The clustering stability (cs
) accessor#
The clustering stability accessor provides metrics for assessing the stability of clustering results across different resolutions and random subsets of genes.
- segtraq.cs.clustering_stability.compute_ari(sdata: SpatialData, resolution: float = 1.0, n_genes_subset: int = 100, key_prefix: str = 'leiden_subset') float #
Compute the clustering stability using pairwise adjusted Rand index (ARI) on random subsets of genes.
- Parameters:
sdata (sd.SpatialData) – The SpatialData object containing clustering information.
resolution (float, optional) – The resolution parameter for Leiden clustering, by default 1.0.
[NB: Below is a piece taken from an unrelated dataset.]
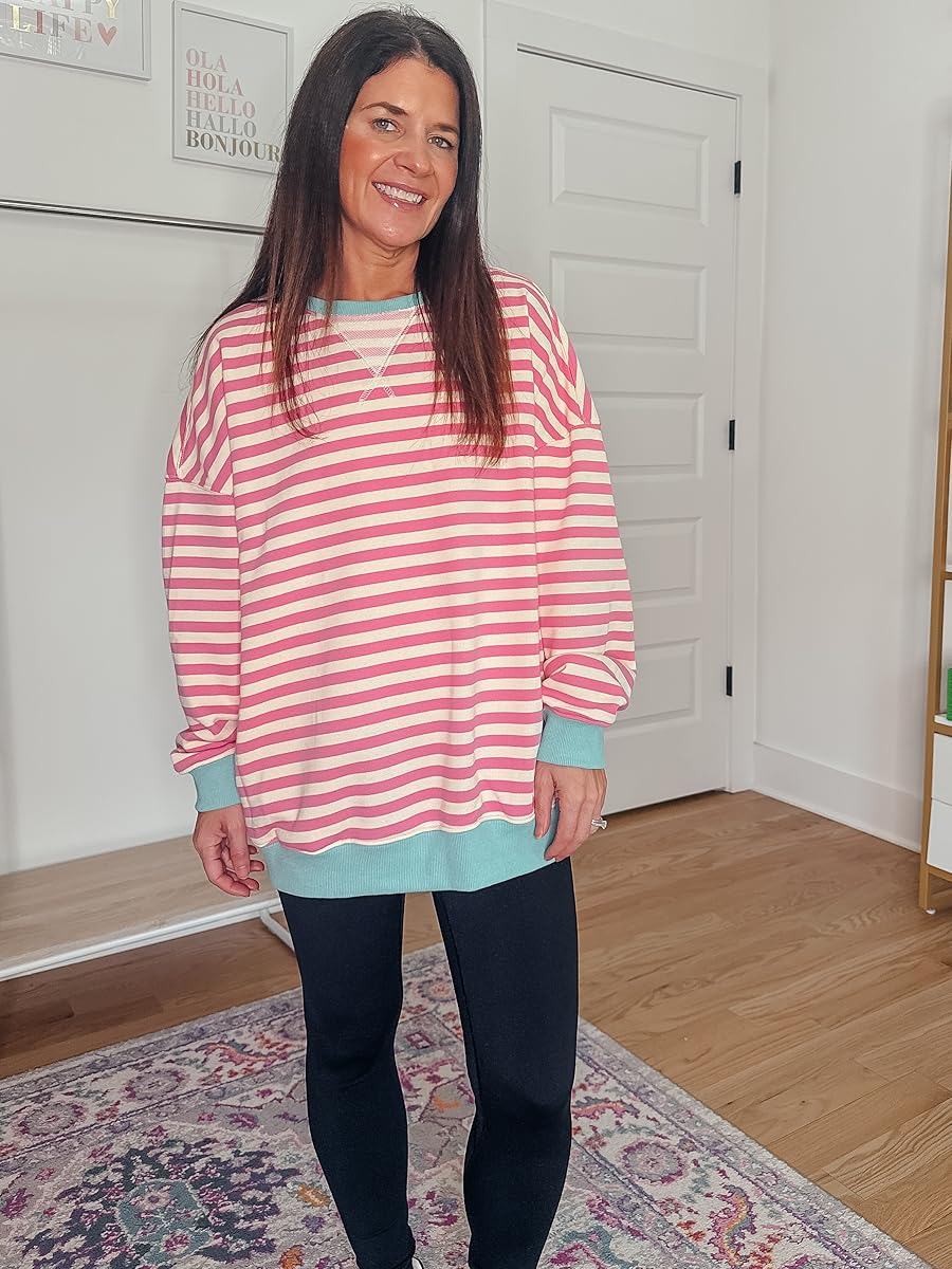 Striped Crew Neck Pullover – 40% off, under $12. Use code CSKE287N. Promo expires 10/15 at midnight PDT. I am wearing a size small and its a larger fit. I would go true to size. Size up for my fit. This one has pockets! Click below to shop.

n_genes_subset (int, optional) – The number of genes to subset for clustering, by default 100.
key_prefix (str, optional) – The prefix for the keys under which the clustering results are stored, by default “leiden_subset”.
- Returns:
The average pairwise ARI across the specified cluster keys.
- Return type:
float
- segtraq.cs.clustering_stability.compute_purity(sdata: SpatialData, resolution: float = 1.0, n_genes_subset: int = 100, key_prefix: str = 'leiden_subset') float #
Compute the clustering consistency using pairwise purity scores across clustering runs on random gene subsets.
- Parameters:
sdata (SpatialData) – The SpatialData object.
resolution (float) – Leiden resolution parameter.
n_genes_subset (int) – Number of genes to use per clustering run.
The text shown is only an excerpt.